Suffice to say, I spent weeks bawling, hoping I was doing enough, kicking myself if I made a mistake. When it is just your allergies, who cares if you have a reaction when you knowingly put yourself at risk. That is your choice. My daughter didn’t chose to react. She didn’t chose to eat something just because she really wanted it, knowing she would have a reaction. I was making that choice for her. And because of this, I knew I had to make better decisions. I couldn’t knowingly hurt her.

After a while we also figured out she was allergic to corn and egg too. I had thought the soy allergy was difficult. I was wrong. Corn is in everything and part of everything.

Now, this is not everyone’s breastfeeding journey. I had it so easy at the beginning, I had an oversupply, a baby that nursed every 4 hours from the time she was born, sleeping through night from 1 month on, a dream baby. And then that changed. She started recognizing that she hurt after eating, so for several weeks she started refusing to nurse, screaming at me, crying, There were tears everywhere. I seriously questioned if I was a good mom. I must have been a monster, I was hurting my child, forcing her to nurse, making her hurt. It was pure torture.

After we got a new normal, knew what we could eat in the house, what was safe, what wasn’t, then shopping became one of my dreaded tasks. I used to love grocery shopping, what changed? I would read everything I put into the shopping cart, or really, read everything and then put it back on the shelf. There was so little I could eat. I felt like I was eating the same things, couldn’t eat out, I seriously for a time hated food. Then we got a handle on that and now I just deal with the cravings. Cravings for things I can’t eat. Popcorn, icing, the ease of ordering take out.

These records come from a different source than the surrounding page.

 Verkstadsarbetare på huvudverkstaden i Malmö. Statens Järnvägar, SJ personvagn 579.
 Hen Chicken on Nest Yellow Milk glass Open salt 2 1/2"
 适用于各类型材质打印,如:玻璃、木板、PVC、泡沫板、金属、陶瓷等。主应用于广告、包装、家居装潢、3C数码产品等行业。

So, would I do it all over again? One thousand times yes. We are at 9 months going strong and I don’t know when we will stop. I love breastfeeding again. I love knowing that everything I am putting into my body is for my daughter, to keep her safe and healthy. I cherish our times together and dread being finished. Do I look forwards to the day I can have popcorn again, YES! But I can live without it, and if any of our future kids have similar problems I will go through it again, gladly, for them.

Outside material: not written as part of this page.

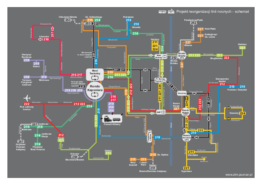 Nocne autobusy mają kursować również do podpoznańskich miejscowości - do Tarnowa Podgórnego, Chludowa czy Mosiny. Inna będzie także numeracja. Na lotnisko pojedzie autobus numer 222.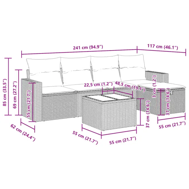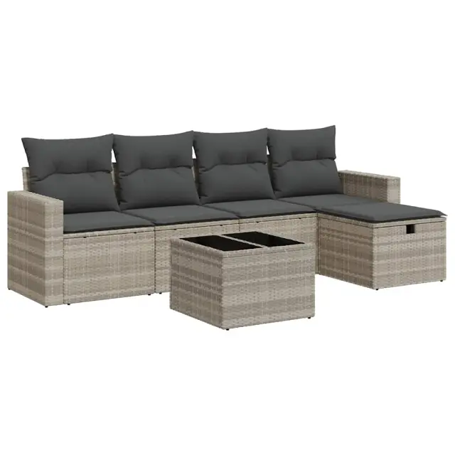 Ta vrtna sedežna garnitura je popoln dodatek za vaše dvorišče, teraso ali verando, saj zagotavlja udoben in vabljiv prostor za klepet z družino in prijatelji ali preprosto za sprostitev in uživanje na prostem. Trpežen material: PE ratan, znan tudi kot poli ratan, je močan sintetični material, ki ne potrebuje vzdrževanja in je videti kot naravni ratan. Je lahek, enostaven za čiščenje in se zaradi svoje vzdržljivosti in odpornosti na vremenske vplive pogosto uporablja za zunanje pohištvo.Funkcija shranjevanja z vodoodporno torbo: Vrtno pohištvo ima pod sedežem prostor za shranjevanje, opremljen z vodoodporno torbo za shranjevanje blazin, igrač in drugih stvari. Notranjo torbo je mogoče varno pritrditi na zunanje pohištvo s kavljem in zanko za večjo stabilnost.Vsestranski stolček za noge: Stolček je vsestransko uporaben, saj služi kot udoben naslon za noge, ko ležite na kavču, ali kot dodaten sedež na vrtu.Prevleko je mogoče odstraniti in oprati: Te sedežne blazine imajo odstranljive prevleke za lažje pranje in vzdrževanje.Modularna zasnova: Ta komplet zunanjega pohištva ima modularno zasnovo, zaradi česar je popolnoma prilagodljiv in enostaven za premikanje, tako da lahko zunanjo garnituro postavite kakor koli želite. Dobro je vedeti:Če želite, da vaše zunanje pohištvo ostane lepo, vam priporočamo, da ga zaščitite z vodoodporno prevleko.Dimenzije vodoodporne vreče: 55 x 53 x 34 cm (D x Š x V)Največja dovoljena teža (na sedež): 110 kgUV-odpornoPlastične nastavljive nogePotrebno sestavljanje: DaKavč z naslonjali za roke:Barva: Svetlo sivaMaterial: PE ratan, jeklen okvir s prašnim premazomDimenzije: 65,5 x 62 x 69 cm (Š x G x V)Velikost sedeža: 55 x 55 cm (Š x G)Višina sedeža od tal (brez blazine): 37 cmVišina naslonjal za roke od tal: 55 cmŠirina naslonjala za roke: 10 cmSrednji sedež:Barva: Svetlo sivaMaterial: PE ratan, jeklen okvir s prašnim premazomDimenzije: 55 x 62 x 69 cm (Š x G x V)Velikost sedeža: 55 x 55 cm (Š x G)Višina sedeža od tal (brez blazine): 37 cmStolček za noge:Barva: Svetlo sivaMaterial: PE ratan, jeklen okvir s prašnim premazomDimenzije: 55 x 55 x 37 cm (Š x G x V)Vrtna miza:Barva: Svetlo sivaMaterial: PE ratan, jeklo s prašnim premazom, kaljeno stekloDimenzije: 55 x 55 x 37 cm (Š x G x V)Blazina:Barva: Temno sivaMaterial prevleke: Tkanina (100 % poliester)Polnilo sedežne blazine: PenaPolnilo hrbtne blazine: bombažna vlaknaDimenzije sedežne blazine: 55 x 55 x 3 cm (Š x G x D)Dimenzije hrbtne blazine: 55 x 45 x 13 cm (D x Š x D)Paket vsebuje:2 x Kavč s funkcijo shranjevanja z vodoodporno vrečo2 x Srednji kavč s funkcijo shranjevanja z vodoodporno vrečo1 x Stolček s funkcijo shranjevanja1 x Vrtna miza4 x Blazina za hrbet5 x Sedežna blazina s snemljivo pralno prevleko 3325378

Breastfeeding isn’t easy, it isn’t simple, there is so much involved, so much commitment. But it is one of the most rewarding things that you can do.

For those that can’t breastfeed and wished they could, I completely understand. I grieved when I thought I might have to give it up. It is so important to do what is necessary for your child. For us, there wasn’t a formula that would have even worked for V, so I am happy that I was able to make the changes necessary to keep her safe and fed and healthy.

I hope that I have perhaps educated you a little, helped some moms not feel alone in such a difficult trying journey. This isn’t a breastfeeding topic that is commonly shared or known about, but it is becoming more a more prevalent. Let’s talk about our journeys. Let’s share about our parenting struggles. No judgement, no condemnation or accusations. Let’s just support each other, knowing we are all doing our best for our children.

Anyone else had a similar journey? Please share, I’d love to hear from you.